■ Work instructions:
When the line with "材料1:I—③—b II—①—c III—②—a" turns up below, begin repeating exactly, and carry on through the line with "15日、オリックスとの入団交"; no pictures go into the copy.
☆ ☆ ☆ ☆ ☆ ☆ ☆
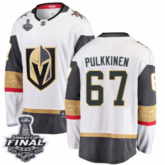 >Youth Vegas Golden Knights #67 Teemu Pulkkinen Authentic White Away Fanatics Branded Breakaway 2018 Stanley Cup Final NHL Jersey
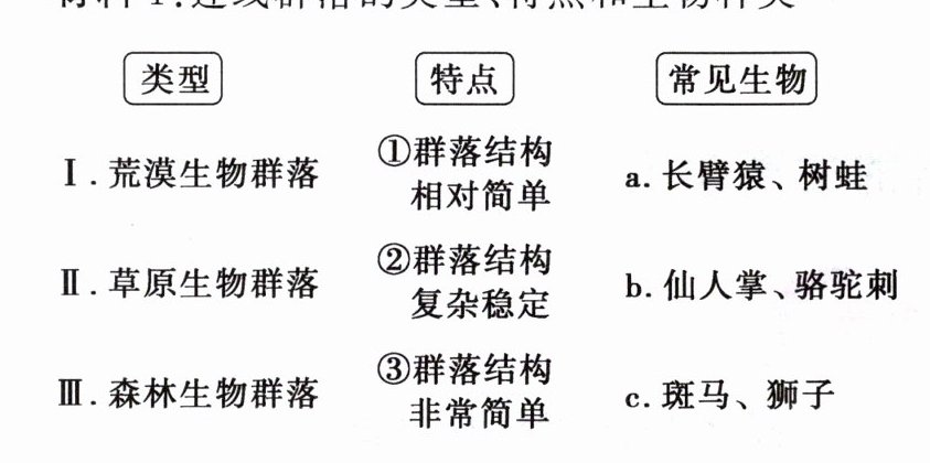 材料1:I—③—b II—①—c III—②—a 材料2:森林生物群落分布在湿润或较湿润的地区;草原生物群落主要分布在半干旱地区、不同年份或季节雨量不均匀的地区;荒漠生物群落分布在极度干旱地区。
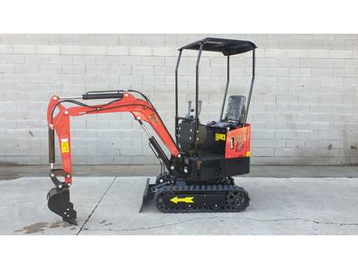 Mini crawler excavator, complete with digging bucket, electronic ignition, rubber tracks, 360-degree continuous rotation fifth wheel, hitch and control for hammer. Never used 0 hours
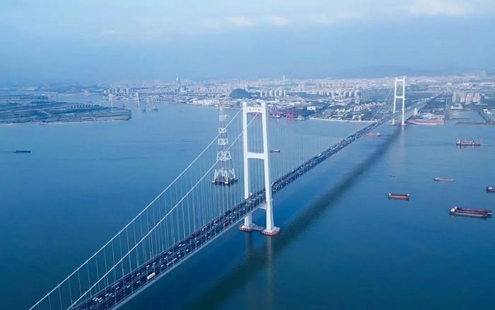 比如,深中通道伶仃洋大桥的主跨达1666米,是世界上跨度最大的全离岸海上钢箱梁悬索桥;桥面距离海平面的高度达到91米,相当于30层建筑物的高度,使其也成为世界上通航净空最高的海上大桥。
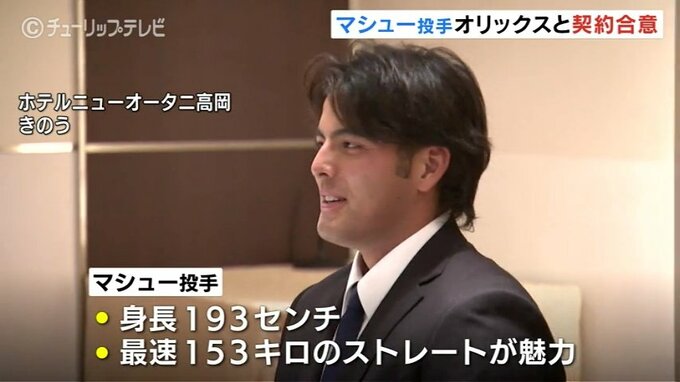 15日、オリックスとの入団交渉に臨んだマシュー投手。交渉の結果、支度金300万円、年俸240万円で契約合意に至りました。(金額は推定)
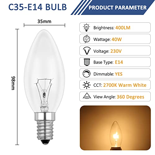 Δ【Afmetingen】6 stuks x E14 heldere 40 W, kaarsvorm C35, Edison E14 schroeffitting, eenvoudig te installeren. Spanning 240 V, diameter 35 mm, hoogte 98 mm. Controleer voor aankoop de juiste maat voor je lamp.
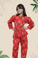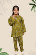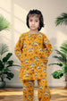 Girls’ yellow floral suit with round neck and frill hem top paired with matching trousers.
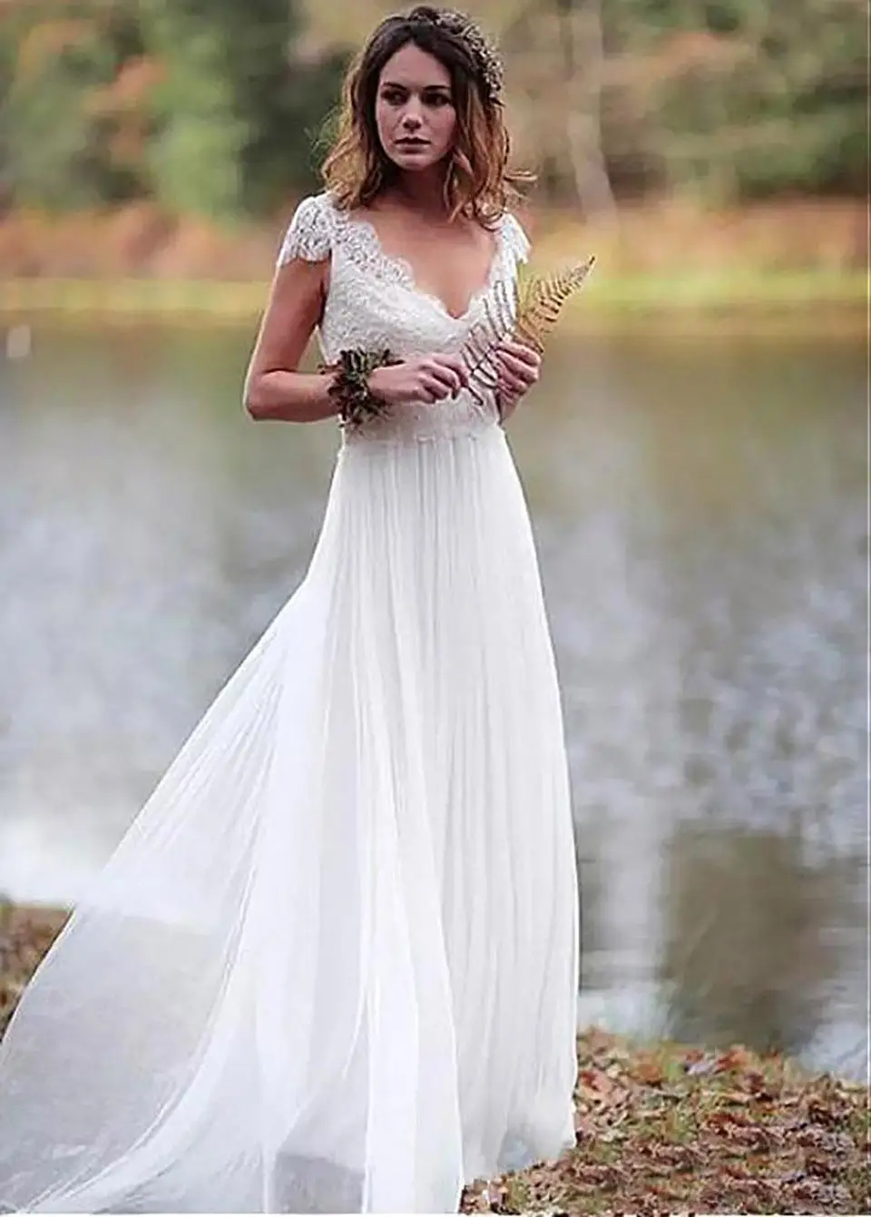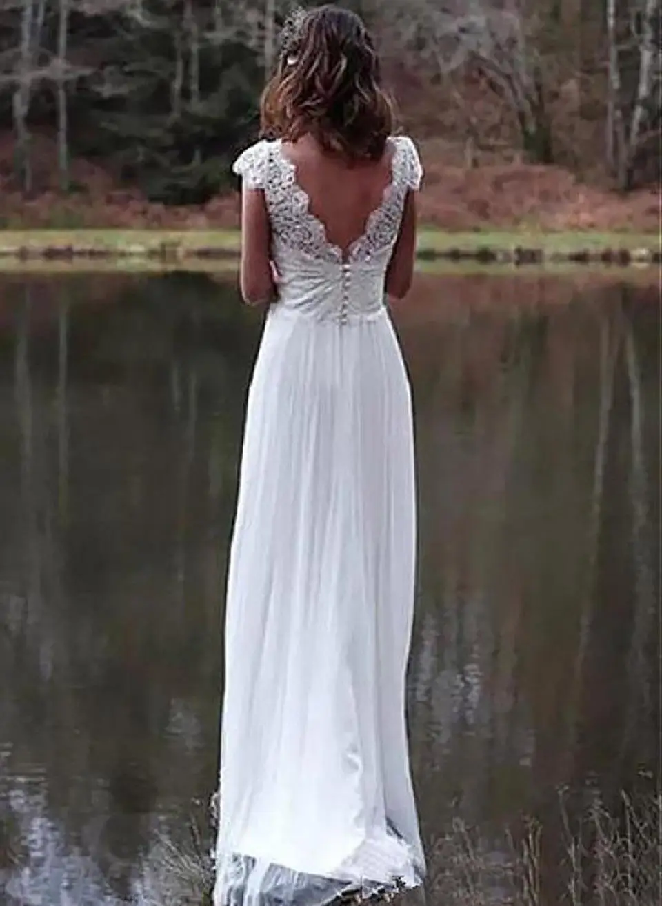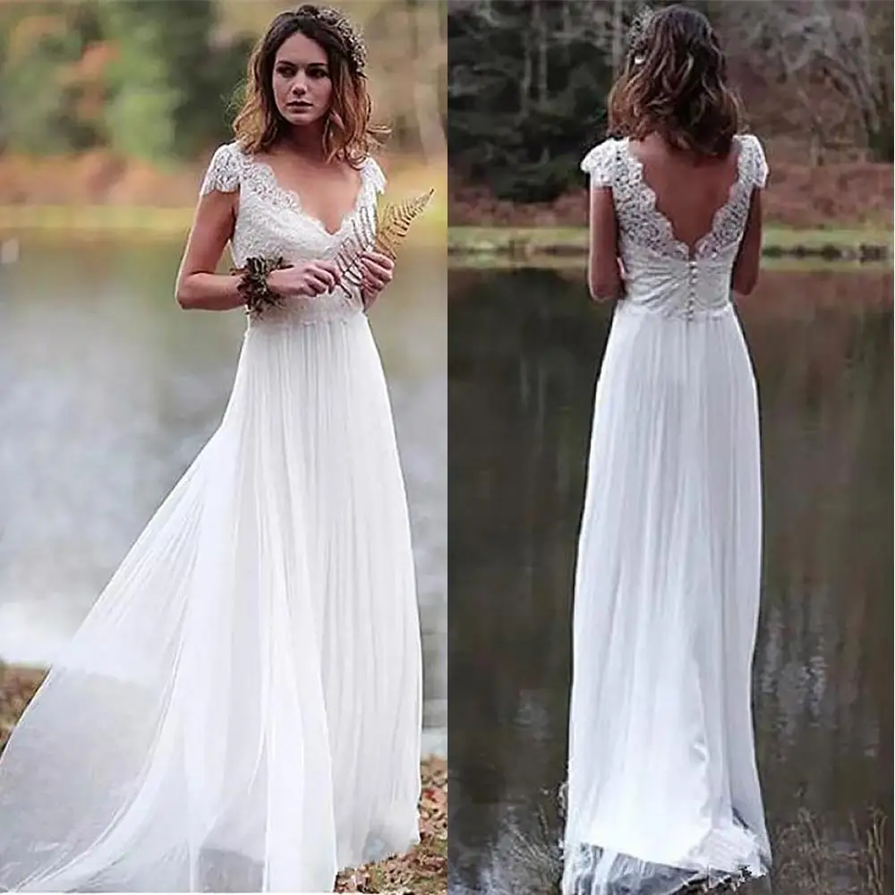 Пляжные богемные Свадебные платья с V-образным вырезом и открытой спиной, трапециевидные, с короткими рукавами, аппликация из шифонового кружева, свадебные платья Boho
☆ ☆ ☆ ☆ ☆ ☆ ☆
■ Result of this exercise:
 材料1:I—③—b II—①—c III—②—a 材料2:森林生物群落分布在湿润或较湿润的地区;草原生物群落主要分布在半干旱地区、不同年份或季节雨量不均匀的地区;荒漠生物群落分布在极度干旱地区。
 Mini crawler excavator, complete with digging bucket, electronic ignition, rubber tracks, 360-degree continuous rotation fifth wheel, hitch and control for hammer. Never used 0 hours
 比如,深中通道伶仃洋大桥的主跨达1666米,是世界上跨度最大的全离岸海上钢箱梁悬索桥;桥面距离海平面的高度达到91米,相当于30层建筑物的高度,使其也成为世界上通航净空最高的海上大桥。
 15日、オリックスとの入団交渉に臨んだマシュー投手。交渉の結果、支度金300万円、年俸240万円で契約合意に至りました。(金額は推定)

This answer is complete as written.